* What needs to be done
Copy down the listing below exactly. Do not include pictures.

* Information given
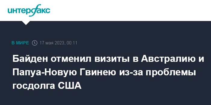"Байден отменяет свои запланированные визиты в Папуа - Новую Гвинею и Австралию на фоне переговоров о потолке госдолга", - заявил источник, знакомый с планами американского президента.
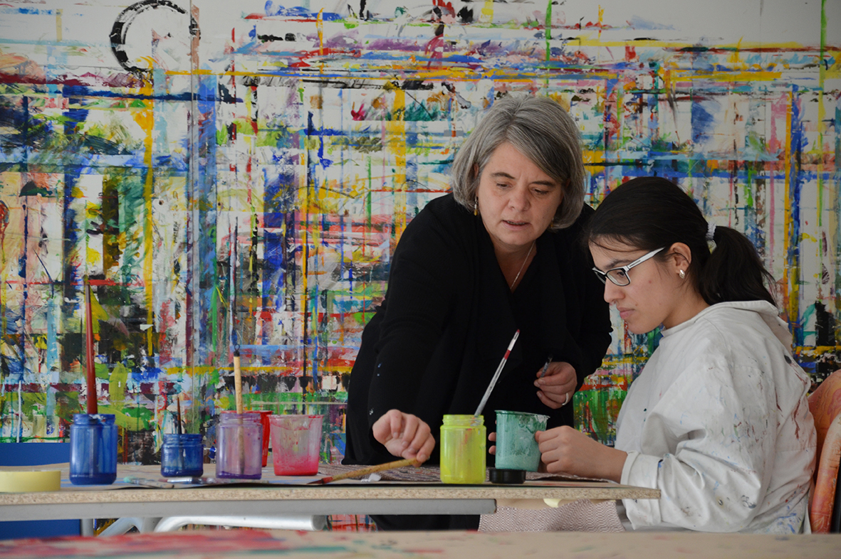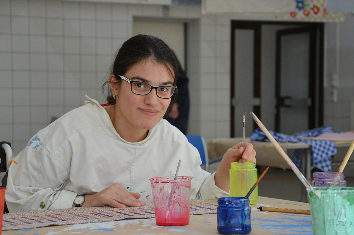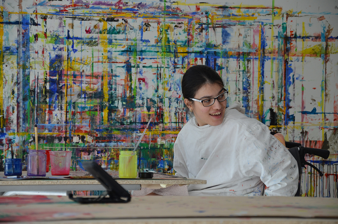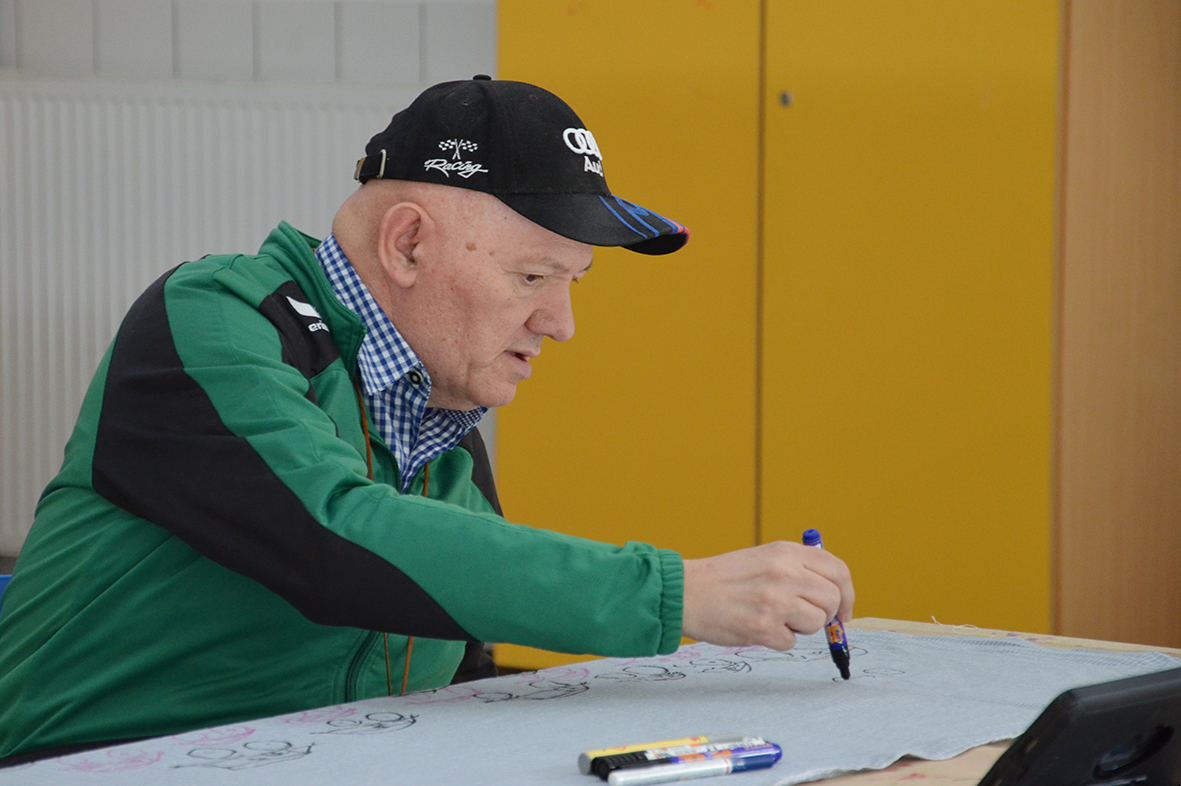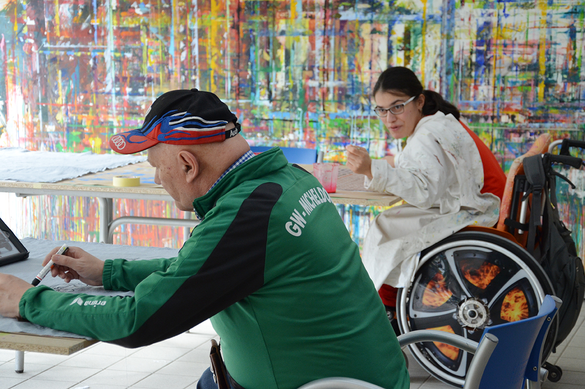 Die Freude am Gestalten der Tücher war ganz auf der Seite der Protagonisten, die bei dieser Gelegenheit erstmals im neu gestalteten Atelier – dem ehemaligen Hallenbad – zu Werke gegangen waren...
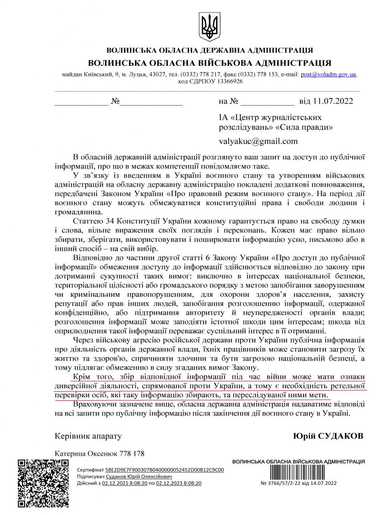 В обласній військовій адміністрації на запитання щодо передачі авто для ЗСУ відреагували дивно – написали, що збір такої інформації може мати ознаки диверсійної діяльності і пообіцяли, що всі відповіді на запити даватимуть після закінчення воєнного стану. Таку відповідь підписав сам керівник апарату Волинської ОВА Юрій Судаков.
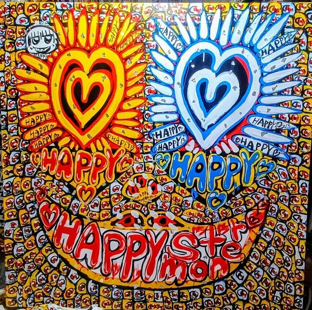 大阪芸術大学 美術学科出身。学生時代より、キャラクター「ハッピーモンスター」を描きはじめ、キャンバスのみならず、人形等の立体物へと、現在も増殖している。
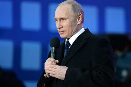 Перед выступлением глава государства спел гимн России с участниками митинга, передает «Русская служба новостей».
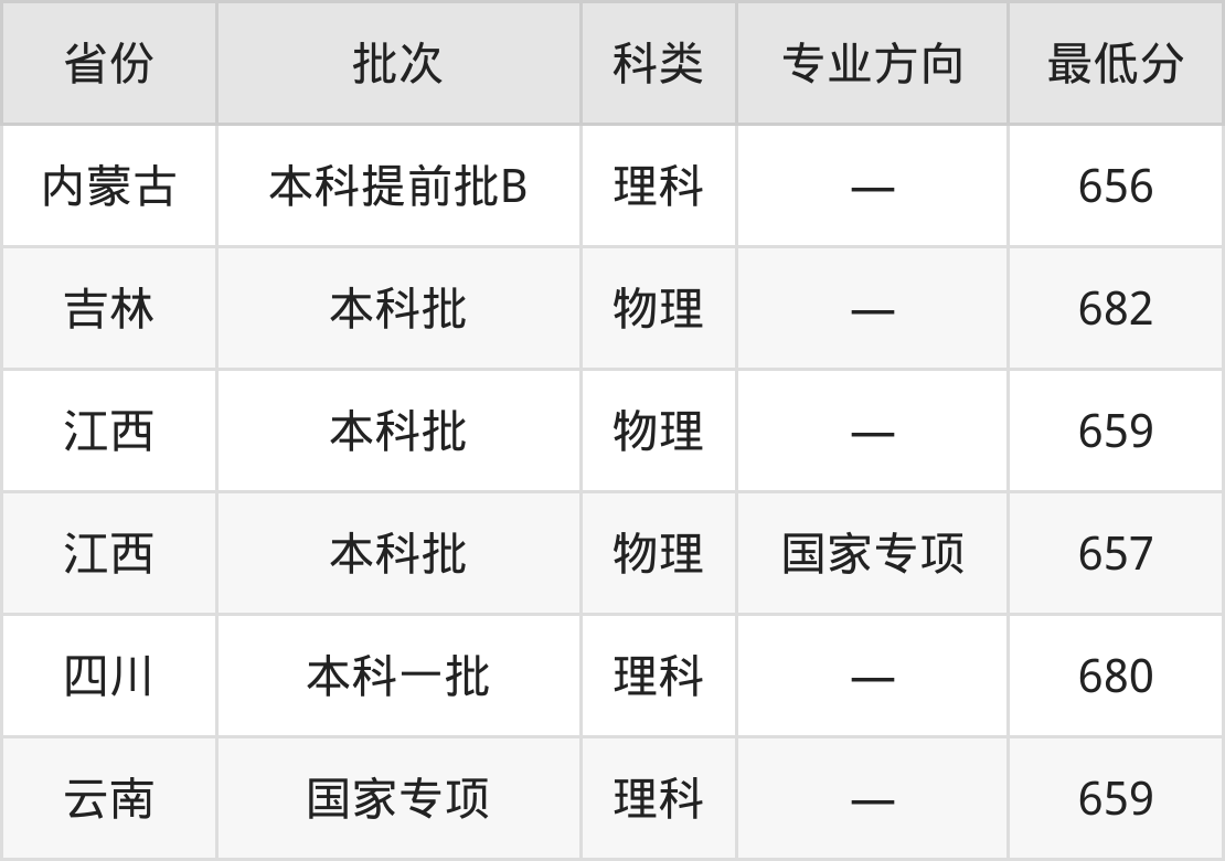 中国科学技术大学核工程类专业录取分数线从656分到682分不等,最低分数线如下:

* Solved exercise
"Байден отменяет свои запланированные визиты в Папуа - Новую Гвинею и Австралию на фоне переговоров о потолке госдолга", - заявил источник, знакомый с планами американского президента.
 Die Freude am Gestalten der Tücher war ganz auf der Seite der Protagonisten, die bei dieser Gelegenheit erstmals im neu gestalteten Atelier – dem ehemaligen Hallenbad – zu Werke gegangen waren...
 В обласній військовій адміністрації на запитання щодо передачі авто для ЗСУ відреагували дивно – написали, що збір такої інформації може мати ознаки диверсійної діяльності і пообіцяли, що всі відповіді на запити даватимуть після закінчення воєнного стану. Таку відповідь підписав сам керівник апарату Волинської ОВА Юрій Судаков.
 大阪芸術大学 美術学科出身。学生時代より、キャラクター「ハッピーモンスター」を描きはじめ、キャンバスのみならず、人形等の立体物へと、現在も増殖している。
 Перед выступлением глава государства спел гимн России с участниками митинга, передает «Русская служба новостей».
 中国科学技术大学核工程类专业录取分数线从656分到682分不等,最低分数线如下:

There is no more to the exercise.